Note on the material below: return exactly the lines from the line that holds "7. Now you can" through the line that holds "Легкий трикотажный костюмчик", and leave out each picture.

**Information supplied:**

[Start of section]

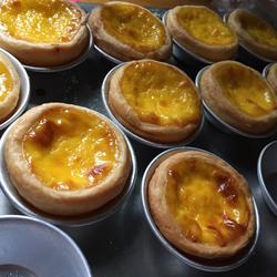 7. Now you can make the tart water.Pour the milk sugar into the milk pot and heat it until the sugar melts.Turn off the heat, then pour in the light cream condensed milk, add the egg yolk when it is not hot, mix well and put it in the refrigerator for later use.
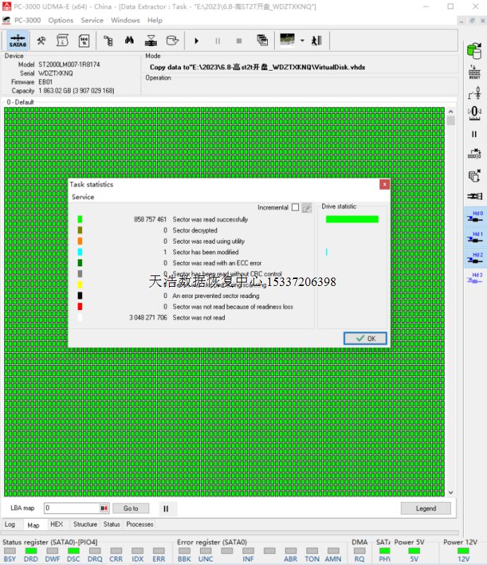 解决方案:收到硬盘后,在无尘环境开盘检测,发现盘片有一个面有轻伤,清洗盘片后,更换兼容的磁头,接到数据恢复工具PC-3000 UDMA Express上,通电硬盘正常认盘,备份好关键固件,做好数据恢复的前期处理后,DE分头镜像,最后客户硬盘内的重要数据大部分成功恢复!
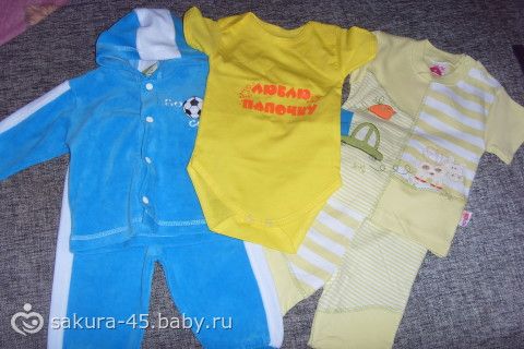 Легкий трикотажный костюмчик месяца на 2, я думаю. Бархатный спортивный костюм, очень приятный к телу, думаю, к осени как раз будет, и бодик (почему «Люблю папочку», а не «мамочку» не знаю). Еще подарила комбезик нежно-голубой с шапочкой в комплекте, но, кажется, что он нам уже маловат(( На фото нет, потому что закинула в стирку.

[End of section]
[Start of section]

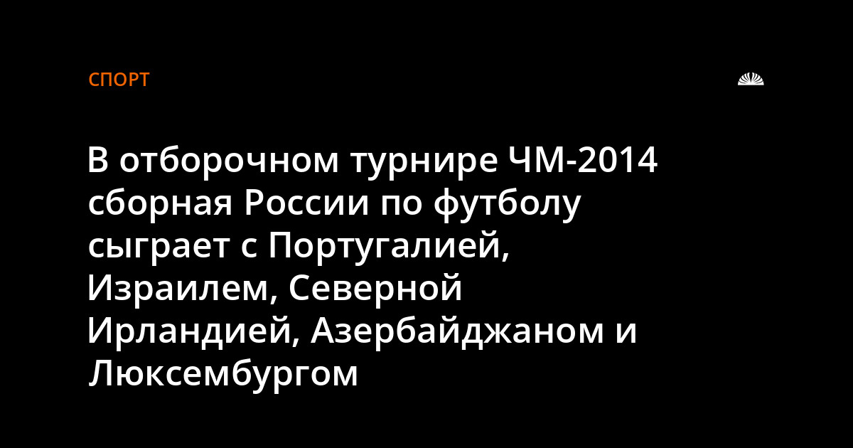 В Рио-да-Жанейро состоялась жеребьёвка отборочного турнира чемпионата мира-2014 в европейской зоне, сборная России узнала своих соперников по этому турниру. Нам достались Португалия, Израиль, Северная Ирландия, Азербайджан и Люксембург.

[End of section]
[Start of section]

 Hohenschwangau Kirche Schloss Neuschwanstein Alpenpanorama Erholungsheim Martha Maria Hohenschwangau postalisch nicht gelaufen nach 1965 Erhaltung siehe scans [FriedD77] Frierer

[End of section]

**Answer:**
 7. Now you can make the tart water.Pour the milk sugar into the milk pot and heat it until the sugar melts.Turn off the heat, then pour in the light cream condensed milk, add the egg yolk when it is not hot, mix well and put it in the refrigerator for later use.
 解决方案:收到硬盘后,在无尘环境开盘检测,发现盘片有一个面有轻伤,清洗盘片后,更换兼容的磁头,接到数据恢复工具PC-3000 UDMA Express上,通电硬盘正常认盘,备份好关键固件,做好数据恢复的前期处理后,DE分头镜像,最后客户硬盘内的重要数据大部分成功恢复!
 Легкий трикотажный костюмчик месяца на 2, я думаю. Бархатный спортивный костюм, очень приятный к телу, думаю, к осени как раз будет, и бодик (почему «Люблю папочку», а не «мамочку» не знаю). Еще подарила комбезик нежно-голубой с шапочкой в комплекте, но, кажется, что он нам уже маловат(( На фото нет, потому что закинула в стирку.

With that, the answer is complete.